The tourists struggled to their feet, clutching their variously broken limbs and stumbled out of the bar.

‘That includes you!’ Bucky growled, pointing at Steve. ‘You should’ve come and told me.’

Steve blinked at him a little sheepishly and rubbed his neck. He lowered his eyes and Bucky absolutely did not notice how ludicrously lush and dark his eyelashes were against his pale skin.

‘I’m sorry,’ Steve mumbled. ‘I just don’t like –’

‘Out.’ Bucky pointed. Steve shuffled off, Tony and Clint emerging to follow him, both laughing gleefully.

‘I’m not letting you ruin my afternoon out,’ Natasha called after them, and settled on a stool at the bar.

Bucky growled and started pouring her a Cosmopolitan.

‘I fucking hate bar fights,’ he said.

Natasha smirked at him.

‘You’re going to hate Steve Rogers then.’

\-----

And so it went. Superheroes superheroed, saving the world, revealing Nazi organizations buried within world governments (surprise, surprise), almost destroying humanity with sentient robots.

Bucky was pretty pissed off with Tony about that last one.

But on and off through the years, they’d appear in his bar for a quiet drink. Which would _never stay quiet_ if Steve Rogers was there.

It was like Steve had an instinct for people being offensive. Bucky had one too, and he used it to refuse service to people before they got out of control, to provide such poor service that they left without him asking, to ask them firmly and wait while they assessed whether they were going to start a fight with a guy with one arm and then watch them leave.

But Steve’s instinct was _better_ than his, or at least his super hearing kept him a step ahead of Bucky, and he used it to confront people head on.

Bucky could tell Steve was itching for a fight, that he missed the days when he was small and could probably just throw himself at people serene in the knowledge that he was the underdog, letting fists and feet fly (and probably gnashing his teeth as well – Bucky reckoned he would have been a dirty fighter).

Now, of course, he was so overpowered he couldn’t really in good conscience get into a fight, so he would just _start_ them. He was a fucking _chaos demon_.

_But they were racist, Bucky_. _They were saying things about the President._

_They were talking about putting something in that woman’s drink, Bucky._

_They were hiding their MAGA caps in their backpacks, Bucky._

‘AND YOU COULD HAVE COME AND TOLD ME ABOUT IT STEVE!’ Bucky would always end up shouting, after someone had broken a pool cue across Steve’s head, or there was a pile of groaning assholes on the floor who didn’t have the good sense not to try to headbutt Captain America.

Bucky tried to ban Steve several times, but sadly Tony as owner of the establishment would always revoke the ban the next time he wanted to get a drink with Steve.

Bucky took his revenge in small ways.
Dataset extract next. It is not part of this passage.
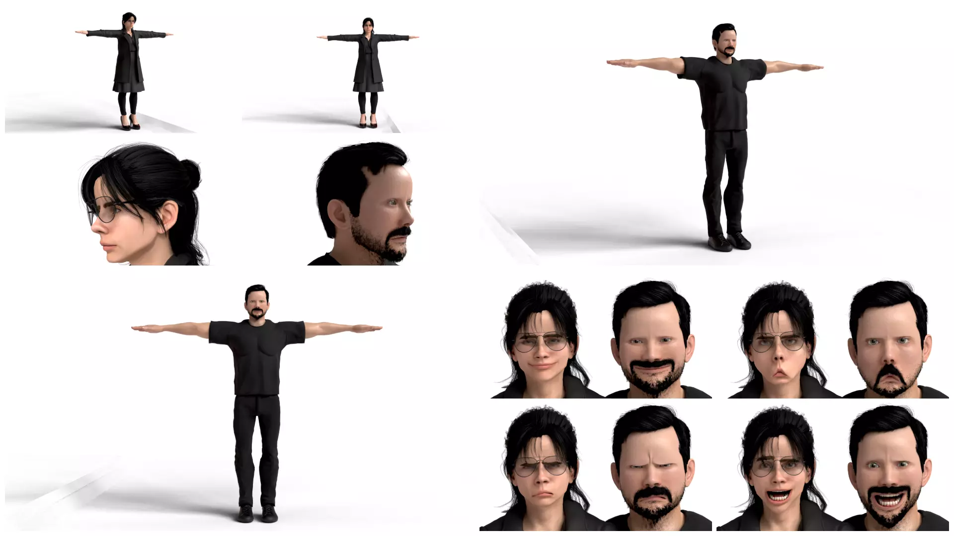 Built with clean quad-based topology, the models ensure smooth deformations for both body and facial animation while maintaining efficient geometry flow.

For example, he had a stash of Asgardian mead that Thor had left him ( _SO I MAY ALSO ENJOY THE FESTIVITIES WITH MY FRIENDS IN YOUR FINE ESTABLISHMENT_ ) but he would _not_ be giving it to Steve Rogers. Steve drunk would surely only be worse.
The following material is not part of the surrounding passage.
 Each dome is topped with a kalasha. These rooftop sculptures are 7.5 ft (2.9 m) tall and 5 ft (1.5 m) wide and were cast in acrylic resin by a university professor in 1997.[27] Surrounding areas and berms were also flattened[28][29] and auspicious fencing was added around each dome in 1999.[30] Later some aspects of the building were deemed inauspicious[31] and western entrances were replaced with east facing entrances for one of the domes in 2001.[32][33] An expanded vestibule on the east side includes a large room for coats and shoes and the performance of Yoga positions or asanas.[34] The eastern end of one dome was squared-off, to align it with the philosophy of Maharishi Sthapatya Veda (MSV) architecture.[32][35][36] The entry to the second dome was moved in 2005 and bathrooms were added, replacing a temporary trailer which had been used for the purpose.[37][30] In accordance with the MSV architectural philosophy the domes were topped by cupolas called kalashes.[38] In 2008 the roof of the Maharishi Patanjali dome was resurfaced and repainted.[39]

Okay, so one time after the whole Triskelion thing, when Steve discovered the organization he had died fighting was in fact the organization he’d been working for, and he turned up alone at the bar, looking sad, that errant lock of hair falling sadly over his blue, puppy dog eyes, that _one time_ Bucky had poured him a few glasses of mead.

‘It was your own fault for moving to DC,’ Bucky said, pouring another glass out.

Steve pushed his hand through his hair, making it all stick up, and sighed.

‘I know, I know.’ Then he brightened a little. ‘But Pepper’s been helping me and I’m about to move into a place in Brooklyn. This can really be my local then.’

He smirked at Bucky and took another sip of mead.

Bucky narrowed his eyes.

‘This is just a once off Rogers – don’t think I don’t remember that you’re banned after than fight with the Nazi skins.’

‘But they were _Nazis_ Bucky,’ Steve pouted.

‘I KNOW AND I WASN’T GOING TO FUCKING LET THEM IN,’ Bucky roared.

Steve smirked again, licking mead off his lips, which were distractingly pink and shiny. Stupid Steve Rogers with his pouty mouth that would look perfect wrapped around Bucky’s dick, if only he wasn’t such an asshole and probably also straight.

And then there was the one time that had really, really cemented Bucky’s hatred of Steve Rogers.

It was 2017. It was a bad year. Bucky was having to really crack down on the MAGA hat ban, even in Brooklyn. It was May, and getting warmer, but summer held none of its usual promise.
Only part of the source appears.